• **Exercise details**:
Give again, character for character, the lines that lie between the first line of the material and the line with "Ռաֆայել Սանտի. Կոյս", inclusive. Omit pictures.

:: Provided information

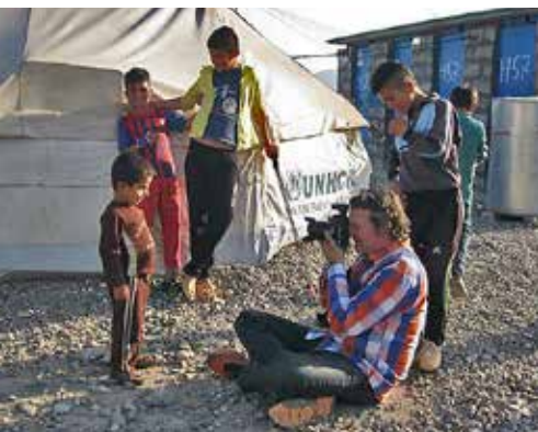
Een fotograaf in het kamp bij Sulaymaniyah in 2016
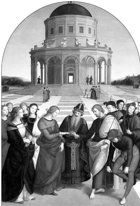
Ռաֆայել Սանտի. Կոյս Մարիամի նշանադրութիւնը, 1504 թ.

Պսակը արդար զուգակցութիւնն է ամուսնացածներուն՝ արուին եւ էգին՝ անբաժանելի կապակցութիւնն է կենցաղավարութիւնն ունենալով: Արդ, արդար զուգակցութիւնն ըսելով, կը զանազանէ Սուրբ Պսակը շնութենէն, պոռնկութենէն եւ ազգապղծութենէն, որ արդար զուգակցութիւնն չեն, այլ պիղծ ու անմաքուր խառնակութիւնն: Արուին եւ էգին ըսելով՝ Սուրբ Պսակը կը բաժնէ արուամուկութենէն, որ չլսուած չարիք է: Եւ ըսելով, թէ անբաժանելի կենցաղավարութիւնն ունենալով՝ աստուածային վճիռը կը հաստատէ, թէ՛ երկուքը մէկ մարմին թող ըլլան, որ Քրիստոս վճռեց՝ ըսելով, թէ՛ Աստուծոյ միացուցածը մարդը թող չբաժնէ [տես Մատթ. 19.6]: որովհետեւ այս խորհուրդն օրինակն ու գաղափարն է Քրիստոսի Եկեղեցոյ եւ մարդկային բնութեան հետ միաւորութեան: Տակաւին՝ Քրիստոս Եկեղեցոյ համար ըսաւ, թէ՛ Ես ձեզի հետ եմ բոլոր օրերը, մինչև աշխարհի վախճանը:
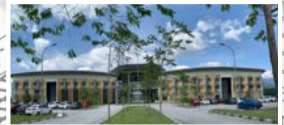
TEMPAT PEMULANGAN PAKAIAN AKADEMIK, PENGAMBILAN TRANSKRIP DAN SKROL.

UNIT PENGIJAZAHAN BAHAGIAN HAL EHWAL AKADEMIK
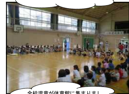
全校児童が体育館に集まりました。3年半ぶりのことです。低学年の子どもたちも感想を発表しました。
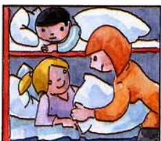
F) Die Kinder ins Bett gebracht
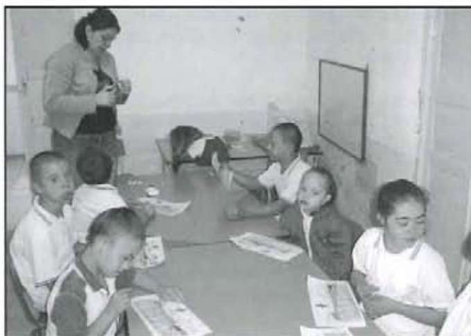
Los niños son el centro de atención en Alifisán.

Queremos tener un espacio digno donde podamos desarrollar todas nuestras actividades y
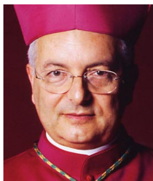
Mauro PIACENZA arcibiskup, sekretár Kongregácie pre klérus (* 1944 Taliansko)
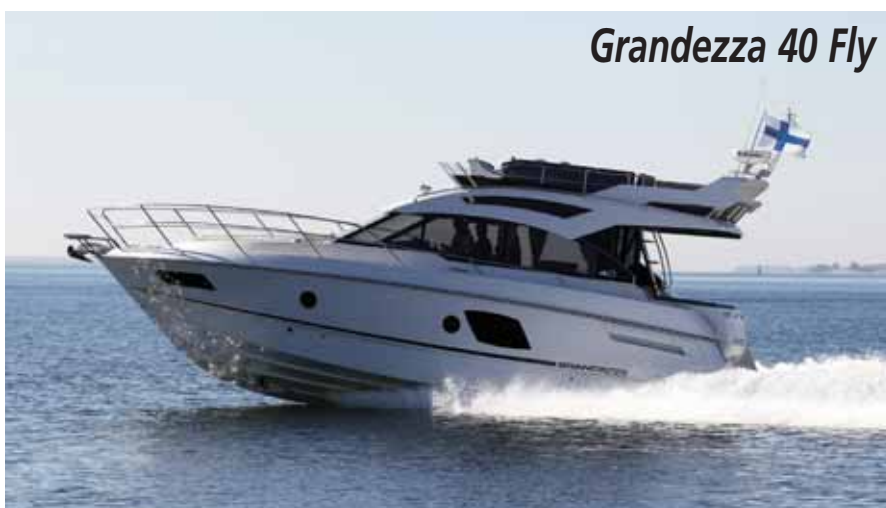
Grandezza 40 Fly
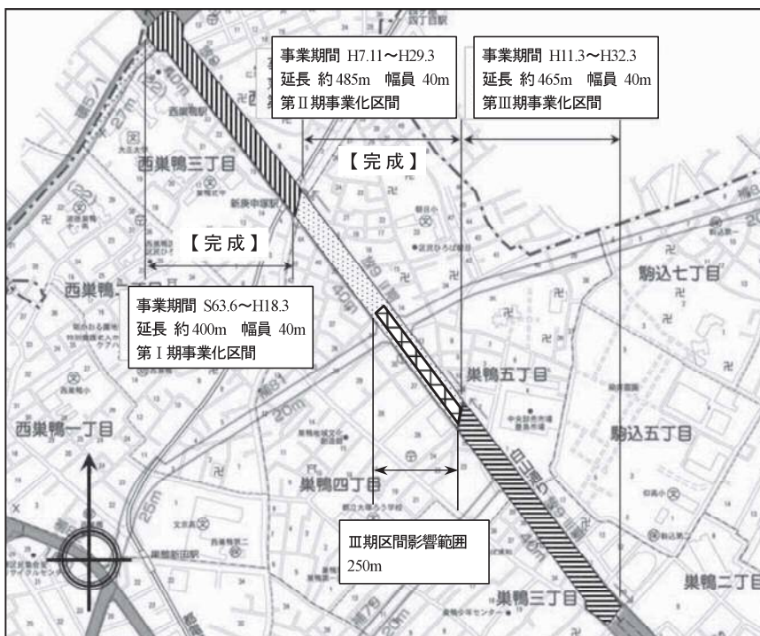
図表 2-2-9 放射9号線平面図
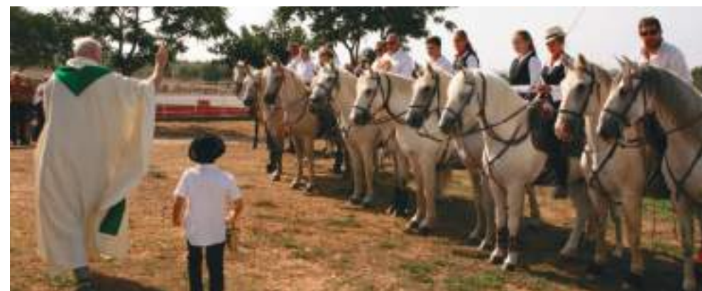
Journée à l'ancienne
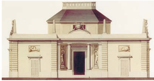
2 Frontseiten des Badhauses mit Bekrönung des Tambours. Stich von Anton Graff, 1799.

::::

• **Solution to this task**:
Een fotograaf in het kamp bij Sulaymaniyah in 2016
Ռաֆայել Սանտի. Կոյս Մարիամի նշանադրութիւնը, 1504 թ.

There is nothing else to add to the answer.